Your first question asked about credit card errors, then you posted the article about credit reporting errors. They are not the same.
Reply Mon 5 Aug, 2013 12:38 pm
Thank you.

You are quite right. I posted the wrong article.

See below:

$14B in bogus credit


Last Updated: 1:34 AM, August 4, 2013

Posted: 10:21 PM, August 3, 2013

Call it the “graying” of America, and it has nothing to do with baby boomers.

Instead, it’s the $14 billion credit card holders are losing each year to “gray,” or deceptive, credit- or debit-card charges, according to a new study by industry consultant Aite Group.

That amounts to $215 a year per cardholder on charges like a canceled gym membership or unsubscribed magazine.

“Companies exercising their gray rights (however wrong they may seem to the rest of us) are well-known entities that many of us do business with every day. They know levying charges is legal, but unethical,” says fraud expert Robert Siciliano.

And gray charges, the report says, are also a problem for the card companies, which actually are losing money on them.

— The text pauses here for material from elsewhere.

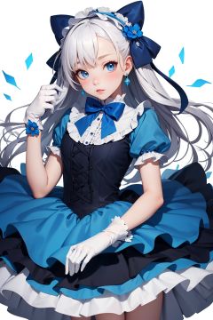 qzclothesdesign, dress, 1girl, frills, frilled dress, bow, blue dress, lolita fashion, puffy sleeves, solo, blue bow, gloves, jewelry, gem, short sleeves, layered dress, flower, puffy short sleeves, white gloves, three visions

Why? Because “issuers incur service-related expenses when cardholders question and dispute charges,” the report says.

“I would estimate that it is costing the card companies some $360 million more a year in costs than the additional revenue that comes through their network,” said Aite Group analyst Ron Shevlin, the author of the report.

“Banks don’t want gray charges. They lead to unhappy customers who cancel their cards,” says Nessa Feddis, a senior vice president for consumer protection and payments for the American Bankers Association.

Discover Card, listed in the report as having the largest percentage of gray transactions, disputed the numbers. It is fighting gray charges, a spokeswoman said.

“Discover does not assess gray charges. These charges are imposed by the merchant from which the cardholder purchased a product or a service,” says Katie Henry, a Discover spokeswoman. She added that Discover is monitoring merchants that have high dispute rates.

Some card issuers, Shevlin says, are considering providing apps that would identify a gray charge. But until that happens, vigilance is the best strategy in avoiding or reversing such charges.

“Consumers should look at their card bills carefully each month,” Shevlin adds. “They should read disclosure agreements carefully. It is amazing how many consumers don’t take common-sense steps.”